My neighbour gifts me a little clay whistle. It is shaped like a bird, and the whistle is at the tail end. It comes all the way from Machu Pichu, it has a sweet voice. The steps at Machu Pichu are very high. Each step requires effort and strong back muscles to climb. The monument waits at the end of these steps and like all treasure, demands sacrifice and struggle to unlock its secrets to the traveller. The air is thin here, and yet curiously humid. It is a place of ancient energy, arrogant power, an eternal reminder of what might have been.

The red wax of the edam cheese sends me to the harbour in Amsterdam. Fifty or more years ago, a cheese market thrived here. Huge wheels of cheese were carried by on poles balanced on the shoulders of young men, dressed in the guild uniform of white with black trimming. The air was filled with their cries of Watch Out and Here we come, sung out in high Dutch. Three or four hundred years before, the sardonic gulls were still keeping an eye out for treats. Fortunes were made and lost, prosperous burghers and merchants dressed in rich silks strode these cobblestones, their ships, tall masted, holds filled with tulip bulbs and pepper, lying in the calm waters. Their sumptuous and sad ladies were forever frozen in portraits with an air of melancholy that lingers in the museum halls of this century.

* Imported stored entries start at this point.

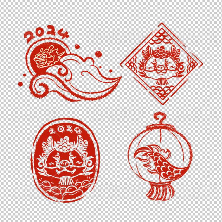 中国风古典龙凤剪纸PNG免抠图透明背景00124
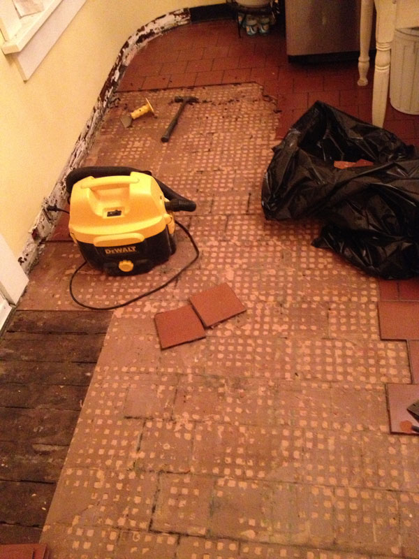 Tile tear-out, then underlayment tear-out. That was a bear.
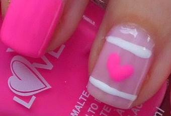 *Aplicamos nuestra capa base y esperamos que seque.*Pintamos todas las uñas con el rosa más oscuro y una con el rosa más claro, damos una o dos capas depende si el esmalte cubre.*Cuando el esmalte base este seco con el el tip painter hacemos dos rayas dejando hueco entre ellas para con el dotting tool hacer un corazó en el medio.*El esmalte de Yes Love tiene un acabado mate pero como a mi no me gusta como queda ese color en mate aplico en todas las uñas top coat. El top coat que yo aplico casi siempre lo aplico de los normales no de los de efecto gel, ya que los que he probado me cuartean el esmalte y la manicura no me dura nada entonces así que por el momento si me voy a quedar con la manicura para llevar puesta prefiero una top coat normal.

In New Zealand, the Maoris tell us legends about Easter Island. Those brooding statues. Some are fallen on their side, others eroded by the wind and rain. The migrating birds wheel overhead, crying to their companions as they dive for fish in the stormy seas. At the pinnacle of a forgotten civilisation, the high and powerful grew obsessed with the construction of these monolith statues. Each statue erected enhanced the sponsor’s prestige and social standing. Gradually, welfare and development were ignored and their energies solely devoted to this fruitless pursuit. Research suggests the end of the civilisation came rapidly, even as the lines of statues stood sentinel. It is a sad and frightening place.

The ham on my plate comes from the Iberian hills. The pigs roam the wild meadows, snuffling and rooting for thyme and other herbs growing in the grass. They are herded back to the piggery, come the evening, to be fed troughfuls of milk and feed. Some are even rubbed down with the milk. I imagine it is a happy existence. At the end of their lives, they render a ham redolent of milk and thyme. Truly, they are what they eat. I remember to thank the pig for this gift of life and food.

The beignets are soft fluffy pillows of cloud. Hot from the fryer, dusted with sugar, they come to your table. A cup of bitter coffee, strains of jazz in the distance and New Orleans presents itself – a sassy, sultry, heady perfume, the top note of sweet innocence, darker undertones of murky swamp, and the steaming stink of corruption. It is strange to be in a modern city, by world standards at least, and to feel an arcane power flow over the skin. The air is tainted with this schizophrenic struggle between young and very old, music complex and articulated drowned out by chants and rhythms more felt than heard.

These are some of the places I have never travelled to. Except in my mind. Forgive me my flights of fancy. Reader, complete your travels and tell me new stories. Just now, I think I’ll close my eyes and leave for the Great Wall of China. The Mongols are coming.